Yes that definitely answered q2. Thank you for that. I still wasn’t able to understand the logic related to q1. I am suggesting that it is an unsupported logical leap to suggest that miners per se are loyal rather than aggregate hashrate. In my understanding, miners are generally miners of all sha256 chains because the vast amount of hashrate does not operate independently. It operates through sophisticated pools (either 3rd party or internal to a company) which balance according to prices and other criteria across available sha256 chains. You may have countered that and I just wasn’t able to understand the logic.

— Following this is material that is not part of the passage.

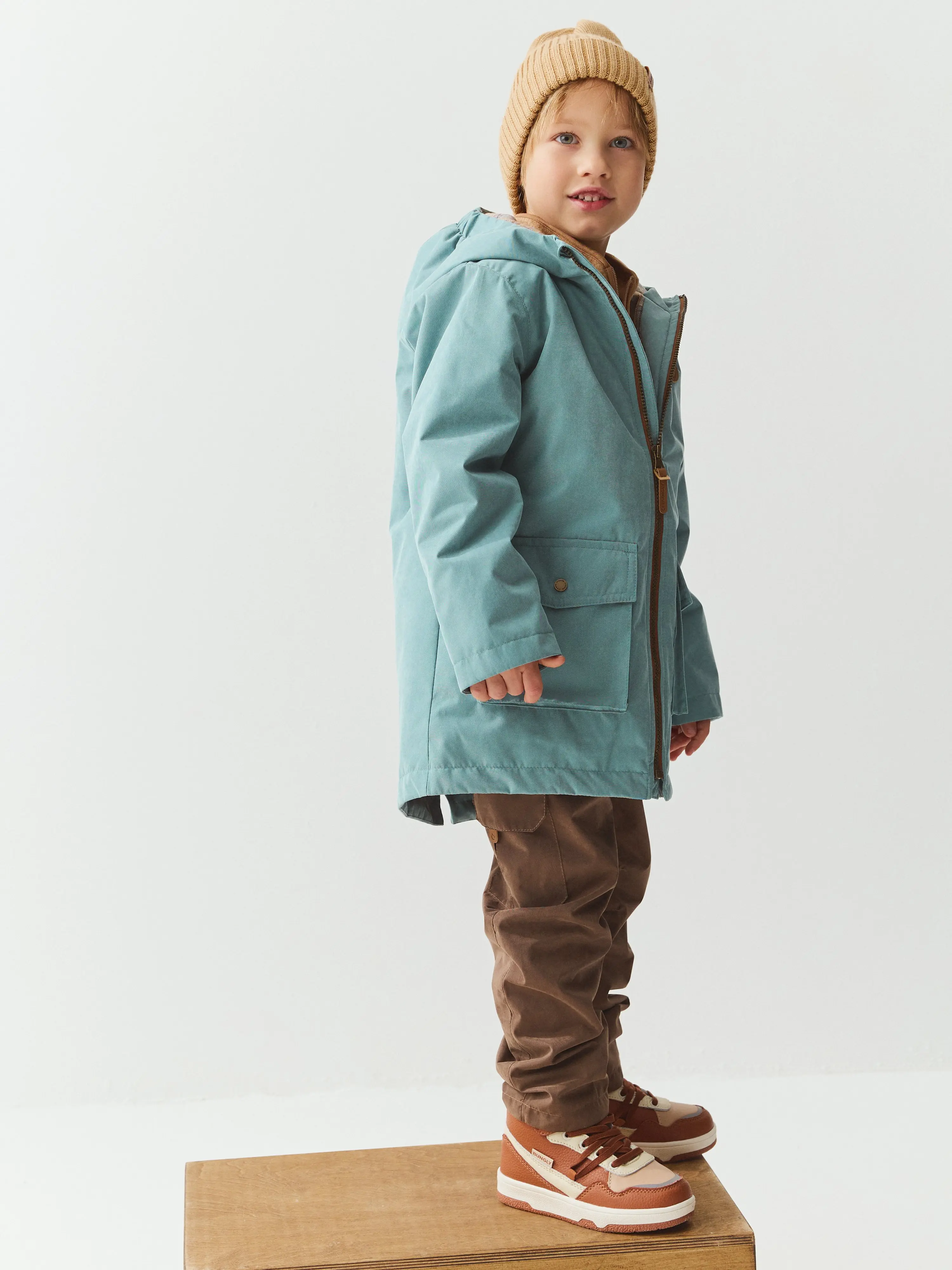 Демисезонная парка прямого силуэта из мембранной ткани с показателями 3000/3000 для защиты от влаги и ветра.

I got you point. You mean that the empirical analysis is all about the aggregate behavior of the miners and the statement about the individual miners are just conjecture. This is also what we meant but our writing was not great. To infer the behavior of individual miners from the aggregate behavior of miners, we need to incorporate the micro structure such as the mining pools, the thickness of the exchange market, and so on, into the analysis. We will try to speak to these points in the future research.


Yes. It’s a point where your research intersects with political issues so it may get additional attention. Thanks for discussing it.

Thinking about this again, I wonder if there is some way to consider that the fact of original DAA itself might influence the stickiness of aggregate hash supply? In other words, a rational pool that wants BTC to thrive would know that allowing hashrate to decrease during a given DAA period has a high chance of leading to a negative chain of events - increasing block competition, increasing fees, and potential fallout from that such as loss of users to alternative goods. There is a graph around somewhere that suggests users sought alternative goods when block competition was high in 2018.

It is theoretically possible, but not easy to empirically test. We will need information on the mining pool level hash supply. Based on that, we can measure how far their hash response is from the “optimal” hash supply to maximize the instant profit. From that pattern, we may be able to learn some alternative incentives for the mining pools other than the instant profit. It is an analysis similar to the detection of collusion in Economics.


Thanks for sharing that. It sounds interesting. Another potential sign would be changes of behavior in the blocks leading up to a DAA change where incentives start to include not only current incentive but future as well.